EXERCISE GOAL
Would you copy exactly the lines in the data below from the one that has "La construcción del" through the one that has "Au rez-de-chaussée, vous", dropping any pictures?

SOURCE MATERIAL section start

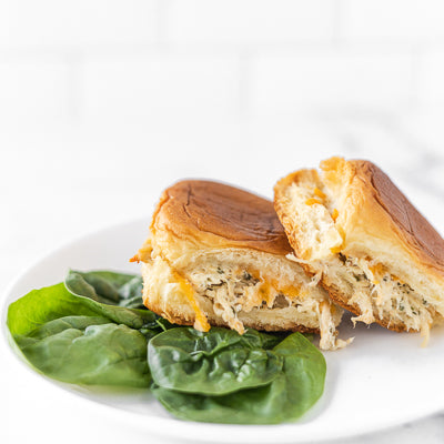 Ingredients: Slider Rolls (enriched flour (wheat flour, malted barley flour, niacin, reduced iron, thiamine mononitrate, riboflavin, folic acid), water, sugar, butter (pasteurized cream, salt), eggs, contains less than 2 % of the following: potato flour, yeast, whey, nonfat milk, soy flour, salt, degerminated yellow corn flour, wheat gluten, sodium stearoyl lactylate, monocalcium phosphate, wheat flour, calcium sulfate, sodium silicoaluminate, ascorbic acid, ammonium sulfate, wheat starch, sorbitan monostearate, enzymes, microcrystalline cellulose, calcium silicate), Chicken, Cream Cheese (milk, cheese cultures, salt), Cheddar (cultured pasteurized milk, salt, enzymes, annatto, anticaking blend (potato starch, cellulose, natamycin), Bacon, Green Onion, Butter, Ranch Seasoning (parsley, garlic powder, onion powder, dill, salt, pepper)
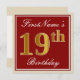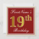 Elegant, Red, Faux Gold 19th Birthday; Custom Name Invitation
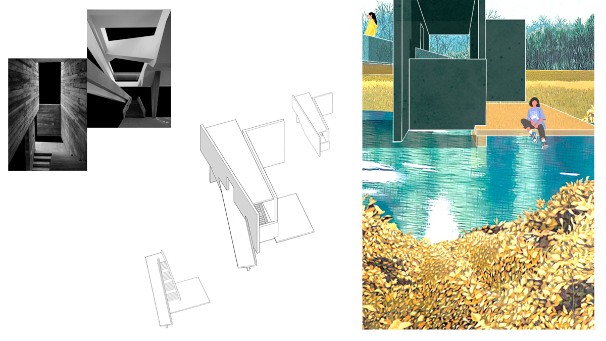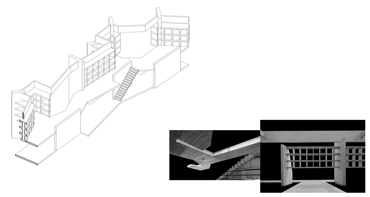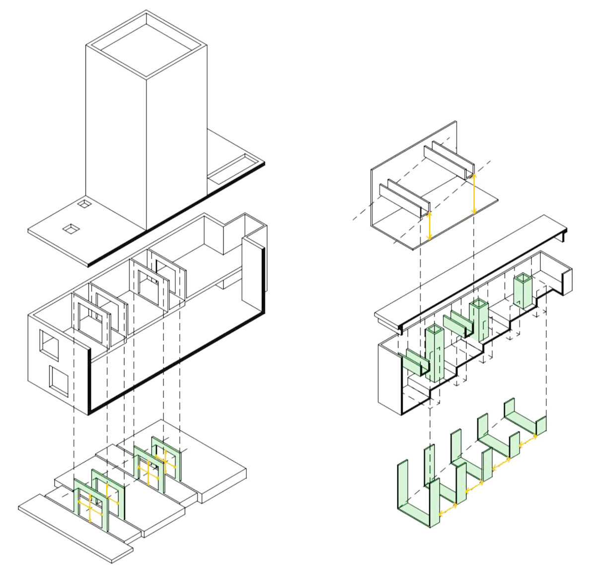 La construcción del material de proyecto se lleva a cabo mediante estudios de caso entrecruzando tres variables de investigación: lógica formal constructiva, patrones de organización y paisajes enfocados. Estos ejercicios forman en el estudiante intuiciones aprendidas como herramientas operativas que, mediante el redibujo, el recorte y la construcción de hipótesis, comprueban y cuestionan los mecanismos proyectuales de las obras estudiadas para ser adaptados, redispuestos y transformados.
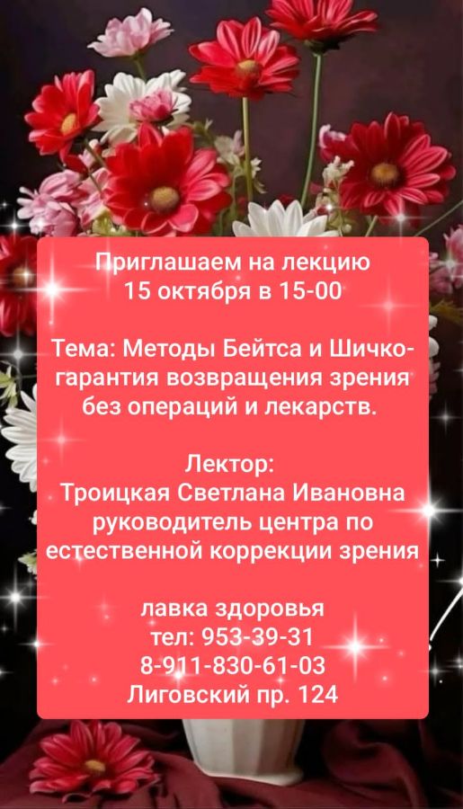 КомментироватьХожу на лекции Владимира Николаевича Вишнева и других православных врачей с января этого года. Был на консультации у Владимира Николаевича по поводу своего здоровья. Он выписал капли СКЛЕРОВИШ. ЭСКОВИШ, ПРОТИВОВОСПАЛИТЕЛЬНЫЕ ,БЕЗ ФИБРОМ АДЕНОМ и другие. Я их принимаю уже третий месяц. Упражнение, которое он дал для профилактики инсульта (на счет 1-2-3-4-5-6-7-8), я делаю регулярно.Чувствую себя намного лучше. Весной этого года был на лекциях "Здоровье православному человеку",которые проводились на православной выставке-ярмарке в Петербургском СКК с 27.03 2018г. по 01.04.2018г. под руководством Доктора Вищнева Владимира Николаевича. На лекциях я узнал много интересного и полезного для себя. Импонирует то,что все лекции проводятся в формате простого человеческого общения ( а не нудные и унылые доклады!). Считаю, что дело, которое делают Владимир Николаевич Вищнев, Николаева Елена Александровна, Рыжков Валерий Дементьевич, Пашкова Лариса Владимировна, Могельницкий Александр Сергеевич и другие врачи, очень нужно людям. Огромное спасибо им всем.
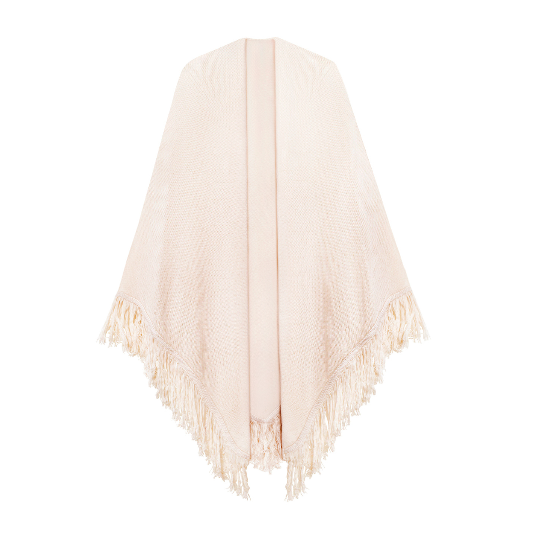 Con unas medidas aproximadas de 250 x 110 cm, se puede llevar de múltiples formas: suelto sobre los hombros, cruzado al pecho o como capa ligera para añadir un aire sofisticado sin renunciar a la comodidad.
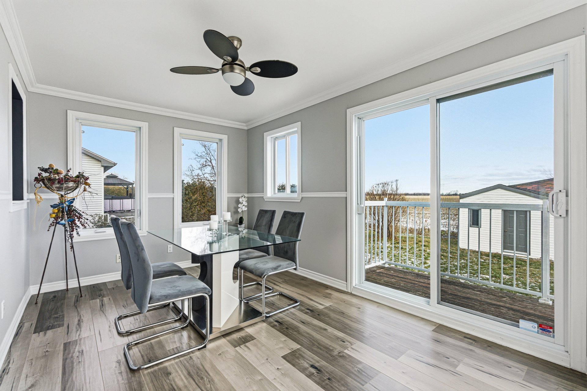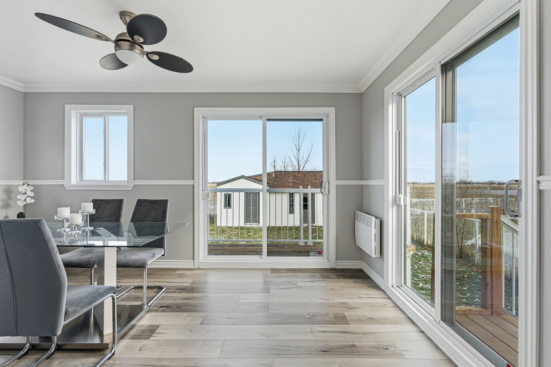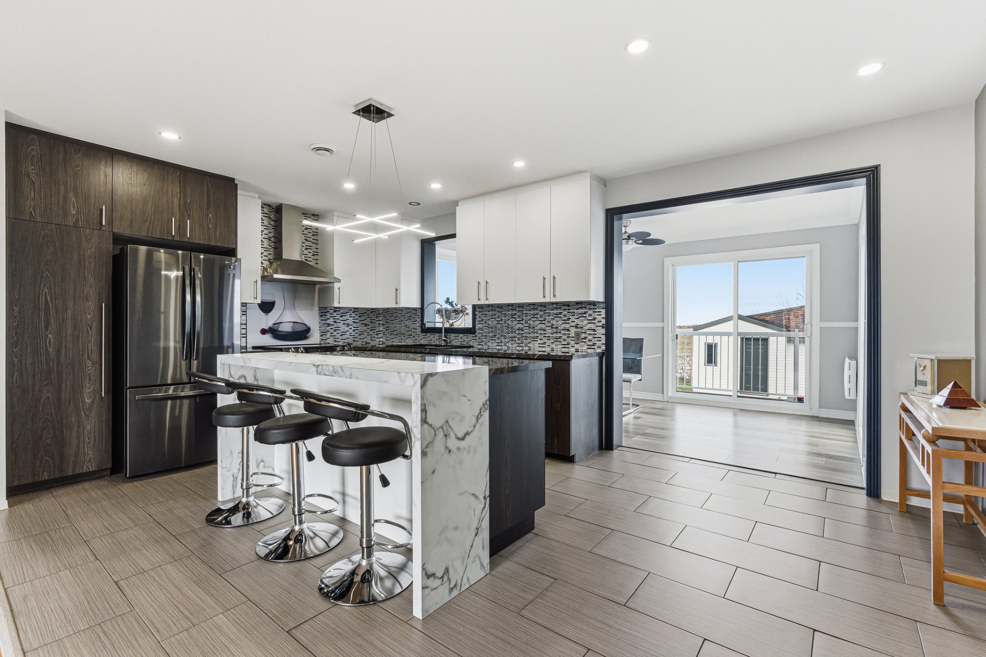 Au rez-de-chaussée, vous profiterez d'une cuisine moderne avec un grand îlot central, ainsi qu'une salle à manger ultra lumineuse, dotée de nombreuses fenêtres et de deux portes-patio qui offrent une vue apaisante sur la cour arrière, complètement dégagée et ouverte sur le paysage à l'horizon. Le salon propose un bel espace de détente et l'étage regroupe également trois chambres et une salle de bain incluant l'emplacement laveuse/sécheuse.
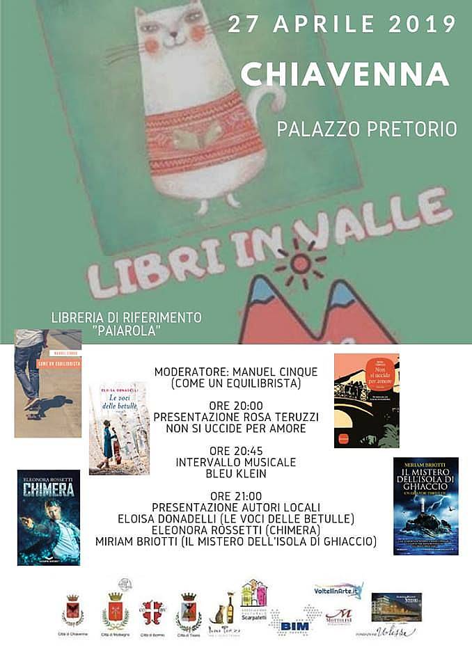 Lo scopo è la sensibilizzazione del territorio alla lettura e alla scrittura ...tutto ciò che li segue. Libri in Valle significa raggruppare la valle ed promuovere racconti, fantasie ed tanta cultura portando a riscoprire un mondo letterario valtellinese sconosciuto per molti. Manifestazione che cerca di offrire spazi, lanciare sfide, trovare affinità e arditi incroci disciplinari per portare autori anche apparentemente distanti a condividere il palco e disporsi a un confronto aperto, a volte imprevedibile, sulle questioni sentite come più urgenti e vicine dalla comunità di lettori che si dà appuntamento in Valtellina e Valchiavenna. Dove troviamo fianco a fianco , narratori e musicisti con lo stesso senso del ritmo, architetti e scrittori che prendono la città come misura del mondo, poeti e drammaturghi che scavano dentro le parole, fisici e studiosi di letteratura che si confrontano sugli statuti delle reciproche discipline, scrittori migranti di prima e seconda generazione, o anche scrittori legati da lunga amicizia che proprio a Libri in Valle decidono di dar sfogo a una comune passione letteraria, intraprendere un progetto da tempo rimandato o ricominciare un discorso lasciato in sospeso. Tutto questo diventa possibile. Il campo è aperto a situazioni ancor più orientate al coinvolgimento attivo del pubblico e a un'invenzione più libera e partecipata, capaci di mettere in circolo e di produrre nuove energie creative. PROGRAMMA
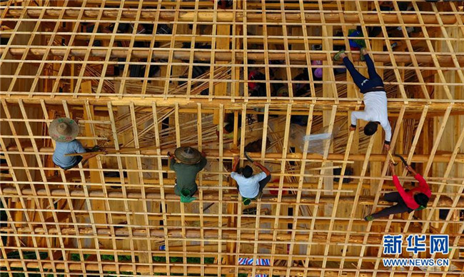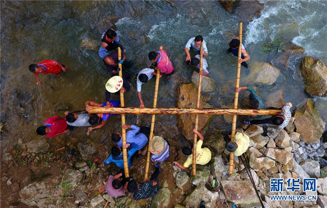 在黔桂烏英苗寨,群眾在幫助貧困戶(hù)吳仕足修建新木樓(9月3日無(wú)人機(jī)拍攝)。

SOURCE MATERIAL section end

TASK ANSWER
 La construcción del material de proyecto se lleva a cabo mediante estudios de caso entrecruzando tres variables de investigación: lógica formal constructiva, patrones de organización y paisajes enfocados. Estos ejercicios forman en el estudiante intuiciones aprendidas como herramientas operativas que, mediante el redibujo, el recorte y la construcción de hipótesis, comprueban y cuestionan los mecanismos proyectuales de las obras estudiadas para ser adaptados, redispuestos y transformados.
 КомментироватьХожу на лекции Владимира Николаевича Вишнева и других православных врачей с января этого года. Был на консультации у Владимира Николаевича по поводу своего здоровья. Он выписал капли СКЛЕРОВИШ. ЭСКОВИШ, ПРОТИВОВОСПАЛИТЕЛЬНЫЕ ,БЕЗ ФИБРОМ АДЕНОМ и другие. Я их принимаю уже третий месяц. Упражнение, которое он дал для профилактики инсульта (на счет 1-2-3-4-5-6-7-8), я делаю регулярно.Чувствую себя намного лучше. Весной этого года был на лекциях "Здоровье православному человеку",которые проводились на православной выставке-ярмарке в Петербургском СКК с 27.03 2018г. по 01.04.2018г. под руководством Доктора Вищнева Владимира Николаевича. На лекциях я узнал много интересного и полезного для себя. Импонирует то,что все лекции проводятся в формате простого человеческого общения ( а не нудные и унылые доклады!). Считаю, что дело, которое делают Владимир Николаевич Вищнев, Николаева Елена Александровна, Рыжков Валерий Дементьевич, Пашкова Лариса Владимировна, Могельницкий Александр Сергеевич и другие врачи, очень нужно людям. Огромное спасибо им всем.
 Con unas medidas aproximadas de 250 x 110 cm, se puede llevar de múltiples formas: suelto sobre los hombros, cruzado al pecho o como capa ligera para añadir un aire sofisticado sin renunciar a la comodidad.
 Au rez-de-chaussée, vous profiterez d'une cuisine moderne avec un grand îlot central, ainsi qu'une salle à manger ultra lumineuse, dotée de nombreuses fenêtres et de deux portes-patio qui offrent une vue apaisante sur la cour arrière, complètement dégagée et ouverte sur le paysage à l'horizon. Le salon propose un bel espace de détente et l'étage regroupe également trois chambres et une salle de bain incluant l'emplacement laveuse/sécheuse.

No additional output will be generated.